Les travaux vont actuellement bon train dans le secteur nord sur la rue des Platanes.
Le développement du secteur Loiret soulève encore les passions (1/3)
Le développement résidentiel en cours dans l’arrondissement Charlesbourg, plus précisément dans le secteur au nord de la rue des Platanes, donne lieu à de nombreuses récriminations de la part du groupe de citoyen «Forêt y voir…à notre boulevard Loiret» à l’endroit de la Ville de Québec. Ce groupe reproche notamment à la Ville d’avoir permis des travaux de construction sans qu’un protocole préétabli n’ait été respecté; la forêt urbaine en serait la principale victime.
«Ultimement, nous souhaitons que la Ville respecte la règlementation en matière d’aménagement pour préserver nos milieux naturels», explique Martine Sansfaçon, porte-parole de «Forêt y voir… ».
Dans une lettre publiée dans le Charlesbourg-Express le 18 mars dernier, le groupe dénonçait haut et fort un déboisement injustifié qui a alors été qualifié de «coupe à blanc». Le secteur où ledit déboisement aurait été observé par le groupe de citoyens est zoné résidentiel.
Dans sa lettre, le groupe justifiait sa position en l’appuyant d’une décision prise au Conseil municipal le 27 août 2007. Concernant le protocole d’entente sur l’ouverture des rues, cette décision «exigeait que le promoteur ne déboise que les emprises prévues dans le cadre de la présente entente et que tout autre déboisement devra faire l’objet d’une demande de permis particulière. Les travaux d’ouverture des rues se devaient d’être complétés avant que les constructions ne soient entreprises.
Or, selon «Forêt y voir…», certaines des rues n’auraient pas été complétées lorsque les constructions ont débuté. «La Ville avait le pouvoir de demander la cessation des constructions», estime Mme. Sansfaçon. À cet égard, la porte-parole est persuadée que les promoteurs bénéficient de traitements de faveur par rapport au citoyen moyen.
En ce sens, le directeur de l’arrondissement de Charlesbourg, Jean Savard, explique que le tir a été rajusté. «À tort, certains promoteurs ont œuvré sans permis, mais actuellement, les travaux d’ouverture des rues sont complétés où les constructions sont entamées, et tous les constructeurs détiennent les permis nécessaires», justifie-t-il.
Pour ce qui est d’une demande d’injonction, M. Savard explique qu’elle n’aurait pas été une avenue souhaitable et raisonnable, d’autant plus que des constats d’infractions avaient été émis aux promoteurs fautifs.
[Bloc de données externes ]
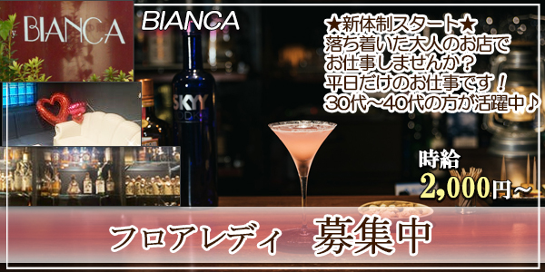 ☆*☆*☆*☆*☆*☆*☆ ★BIANCA★ <<フロアレディ 募集>> ☆*☆*☆*☆*☆*☆*☆ 30代~40代の方が活躍する、大人の雰囲気のお店で 一緒にお仕事始めませんか? 初めての方も大歓迎です! Wワークで働く社会人さんも多くいますので あなたのペースで無理なく働いてもらえればOK☆ どなたも安心して始めやすく、楽しく働けるお店です♪ ~・~・~・~・~・~・~ 平日だけのお仕事 ~・~・~・~・~・~・~ 週1日~・1日3h~OK! 土日が休みで、平日だけのお仕事なので プライベートも大事にできます♪ 休みの予定も立てやすく、働きやすさを大事にしています! 気になった方はお気軽にお問合わせ下さい☆ 【*待遇面充実*】 各種手当あり 昇給あり 日払いあり 自己申告制シフト 土日祝休み 終電あがりOK 遅出勤務OK WワークOK 私服OK 髪色・髪型・ネイル・ピアス自由 待遇面充実で安定して働けます♪ ◇◆◇◆◇◆◇◆◇◆◇◆◇ ☆仕事内容☆ ◇◆◇◆◇◆◇◆◇◆◇◆◇ 簡単なお酒を作ってご提供。 お客様とお話ししながら楽しく過ごしてください♪ 難しいことはありませんし、 お酒の作り方やお話しのコツも丁寧にお教えします! 初めての方も安心してくださいね♪ ぜひ体験入店で自分に合っているか確かめて下さい。 疑問があれば何でも質問して下さいね! 未経験や学生さん、友達同士での応募も大歓迎! 質問や相談、まずはお気軽にお問い合わせお待ちしております。 |
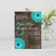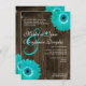 Rustic Wood Teal Gerber Daisy bröllop Inbjudningar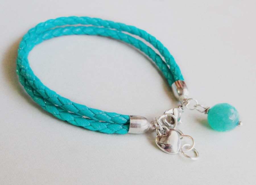 Świetna, wygodna, miękka bransoletka z syntetycznego rzemyka. Ozdobiona serduszkiem i jadeitem. Na nadgarstek 14,5-18 cm.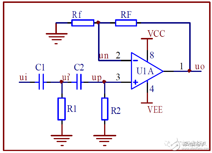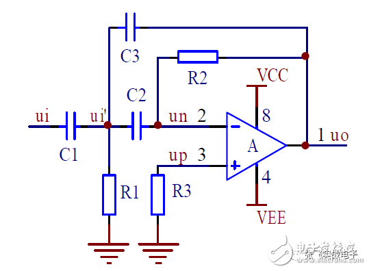 2通带增益Aup为1 的二阶压控高通滤波器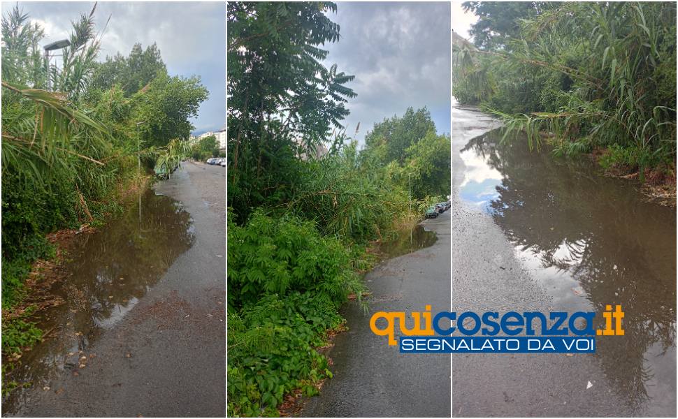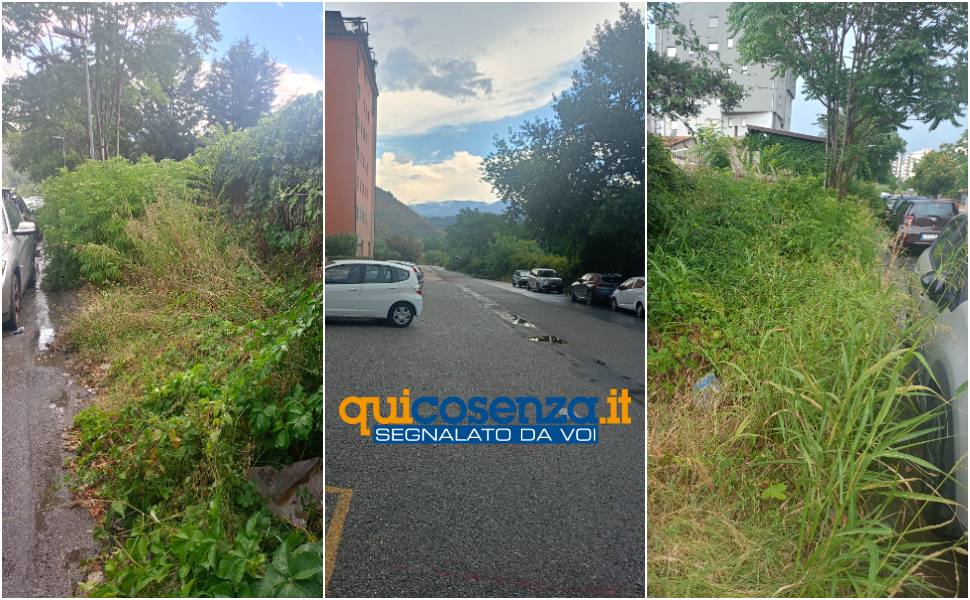 COSENZA – Erba alta, canne che invadono la carreggiata, tombini ostruiti da terra e fogliame, rifiuti abbandonati. Tutto questo da oltre un anno. È la situazione che si presenta quotidianamente in via Pietro Buffone, una traversa di via Popilia, a pochi minuti a piedi dal centro di Cosenza. A segnalarla è Marco Francesco Perri, residente nella zona, che parla di una vera e propria “giungla urbana”, dove il degrado e l’abbandono spingono anche all’inciviltà. “Sacchi dell’immondizia lasciati lì da più di un anno sono diventati una discarica a cielo aperto, proprio davanti a condomini e a una villetta frequentata da molti bambini”.
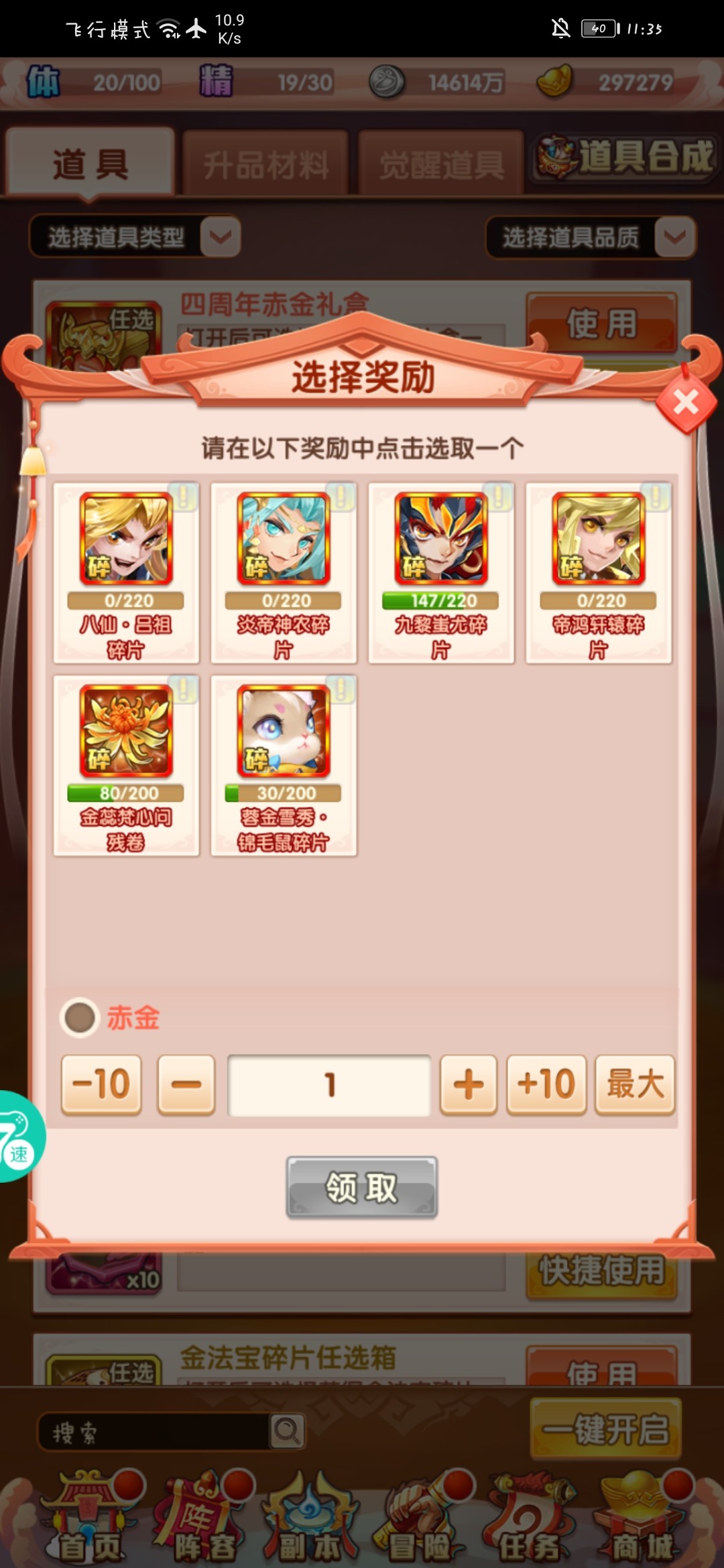 奖励这些,选一个我紫金四没出来就要了紫金四,先拿没有的,凑白板。有神兽,有法术,有紫金四就先换神符斩妖。

Il plaide entre autres le bon jugement. «Nous avons trouvé un juste milieu afin de satisfaire au meilleur de nos capacités les parties opposées», soutient-il.
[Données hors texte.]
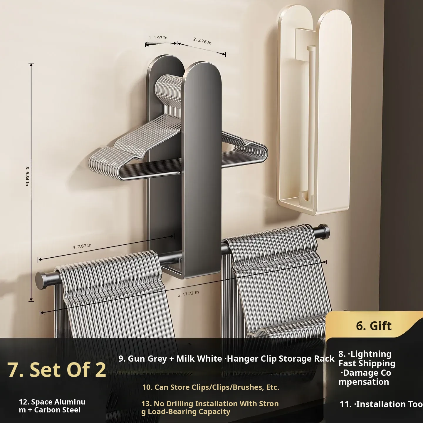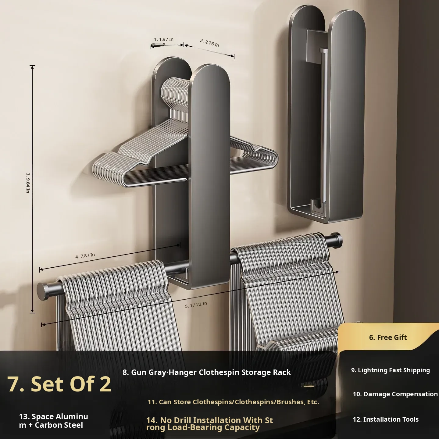 Gun Gray-Multifunctional Clothes Hanger Storage Rack [Foldable] 2 Pack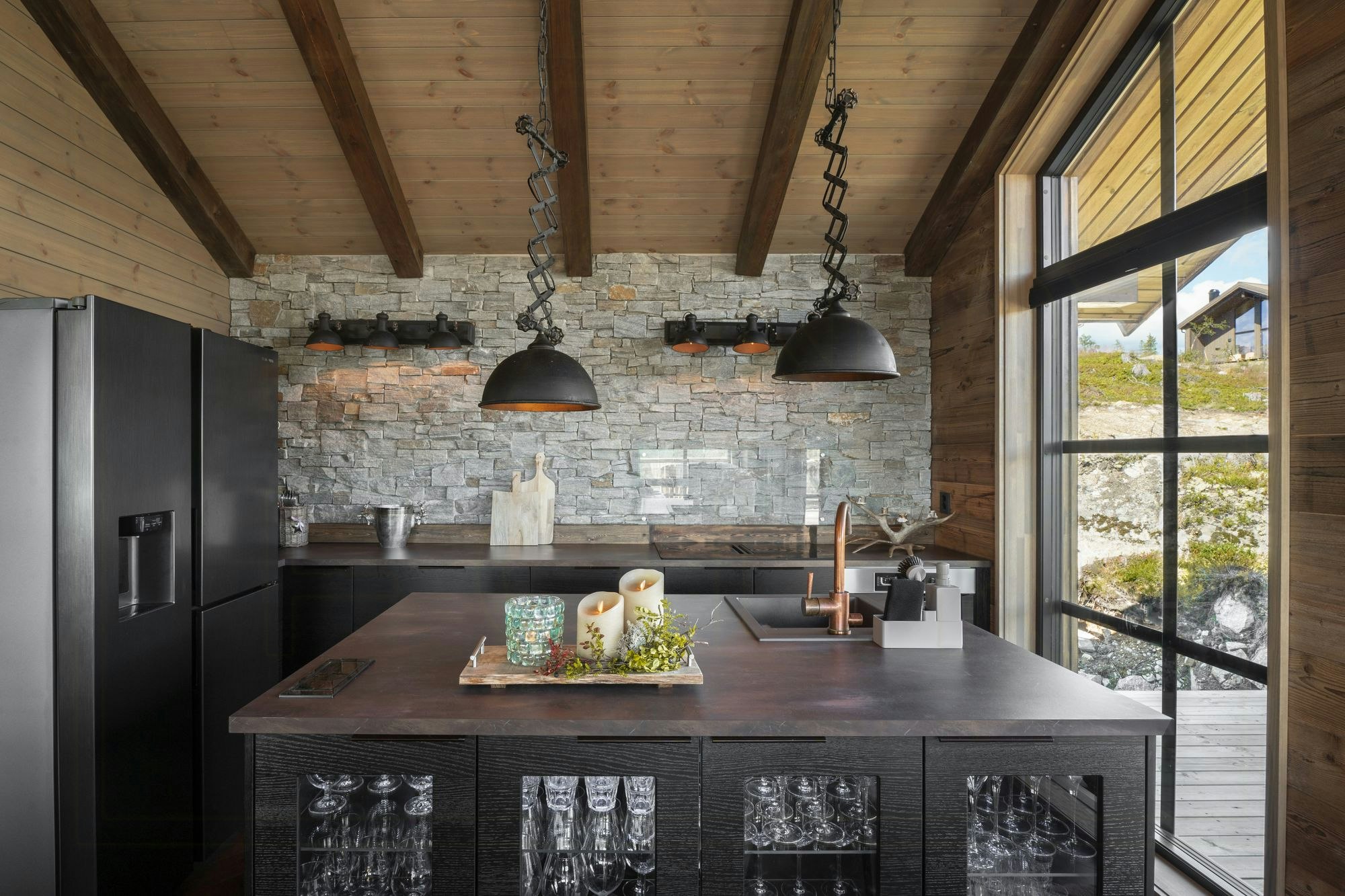 • Samlas runt matbordet för 16 personer och njut av utsikten över bergen genom de stora fönstren.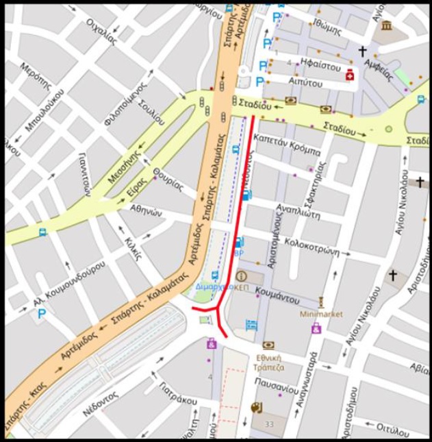 Κατά την εκτέλεση των εργασιών στην οδό Νέδοντος, θα υπάρξει τροποποίηση στις γραμμές του αστικού λεωφορείου ως εξής: Στη Γραμμή 1 του αστικού λεωφορείου, το δρομολόγιο με κατεύθυνση προς παραλία θα διέρχεται μέσω των οδών Αρτέμιδος – Κλαδά – Νέδοντος – Κροντήρη – Αριστομένους. Στη Γραμμή 2 του αστικού λεωφορείου, το δρομολόγιο με κατεύθυνση προς Νοσοκομείο θα διέρχεται μέσω των οδών 23ης Μαρτίου – Αρτέμιδος – Κλαδά – Νέδοντος – Κροντήρη – Αριστομένους. Στη Γραμμή 3 του αστικού λεωφορείου, το δρομολόγιο με κατεύθυνση προς ΟΣΕ θα διέρχεται μέσω των οδών Αρτέμιδος – Κλαδά – Νέδοντος – Κιλκίς – Αρτέμιδος. Στη Γραμμή 4 του αστικού λεωφορείου, το δρομολόγιο με κατεύθυνση προς Κορδία θα διέρχεται μέσω των οδών Μητρ. Μελετίου- Υπαπαντής – 23ης Μαρτίου – Αρτέμιδος – Κλαδά – Νέδοντος – Κροντήρη – Αριστομένους.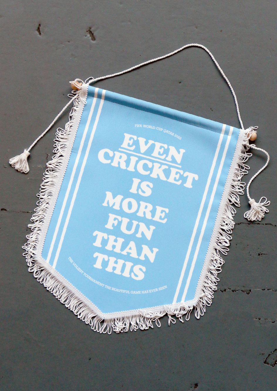 Titled Pathetic Pennants, Adam's project plays with the imagery of the fabric drapes exchanged between teams and players before matches. While this is usually an honourable gesture, Pathetic Pennants turns the concept on its head by proudly displaying messages such as 'World Cup Fuck Up' and 'Even Cricket Is More Fun Than This!'
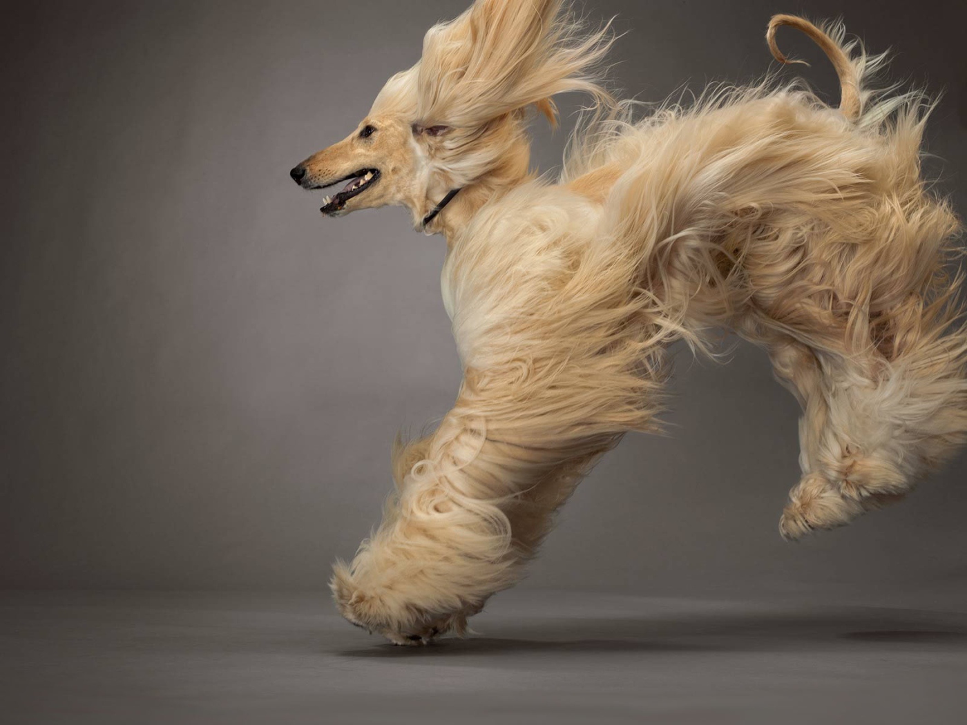 Афганская борзая в прыжке Обои для рабочего стола 1400x1050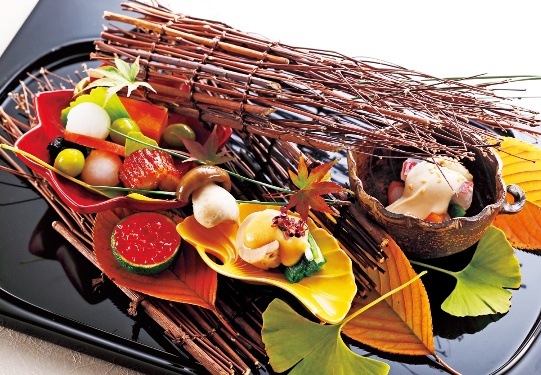 東山を借景とする日本庭園は移ろう季節を映します。京料理「入舟」では、一品ひと品丁寧な職人の技を尽くし、食材の旬をお愉しみいただきます。

Il ne voit d’ailleurs là aucune injustice entre le citoyen et le promoteur pris en faute, puisque le citoyen fautif se verra d’abord informé d’un avis de non-conformité, puis d’un avis d’infraction avant de recevoir un constat d’infraction, contrairement au promoteur qui recevra immédiatement le constat d’infraction.
Le directeur de l’arrondissement est bien conscient qu’une entente parfaite entre les deux parties est difficilement envisageable. «Lorsqu’une ville fait un plan directeur d’urbanisme, il doit y avoir compromis entre les volets économique et écologique. Il est essentiel de tenter de préserver l’intégrité de l’environnement mais on ne pourra jamais répondre à toutes les attentes. C’est impossible», déplore-t-il.